(YOUR INSTRUCTIONS): The whole listing below is to be copied exactly, with every picture left out.

(RAW DATA):
◇ ◇ ◇ ◇
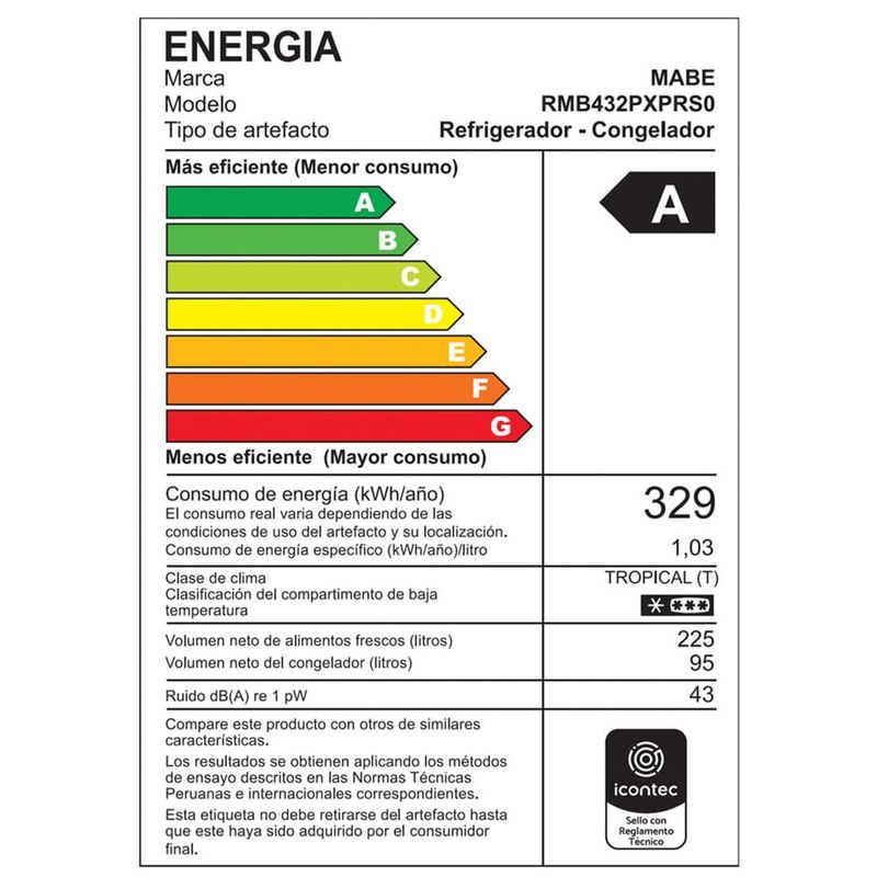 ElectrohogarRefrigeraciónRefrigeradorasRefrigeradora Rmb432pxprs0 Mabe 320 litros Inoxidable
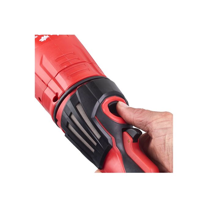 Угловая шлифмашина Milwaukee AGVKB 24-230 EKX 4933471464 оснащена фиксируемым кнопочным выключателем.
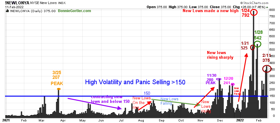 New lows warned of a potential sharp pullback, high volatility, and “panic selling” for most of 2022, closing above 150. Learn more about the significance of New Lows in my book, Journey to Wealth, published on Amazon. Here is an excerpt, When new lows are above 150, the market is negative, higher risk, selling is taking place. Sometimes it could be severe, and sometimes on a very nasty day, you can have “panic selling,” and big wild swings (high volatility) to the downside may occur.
◇ ◇ ◇ ◇
(ANSWER TO THIS TASK):
 ElectrohogarRefrigeraciónRefrigeradorasRefrigeradora Rmb432pxprs0 Mabe 320 litros Inoxidable
 Угловая шлифмашина Milwaukee AGVKB 24-230 EKX 4933471464 оснащена фиксируемым кнопочным выключателем.
 New lows warned of a potential sharp pullback, high volatility, and “panic selling” for most of 2022, closing above 150. Learn more about the significance of New Lows in my book, Journey to Wealth, published on Amazon. Here is an excerpt, When new lows are above 150, the market is negative, higher risk, selling is taking place. Sometimes it could be severe, and sometimes on a very nasty day, you can have “panic selling,” and big wild swings (high volatility) to the downside may occur.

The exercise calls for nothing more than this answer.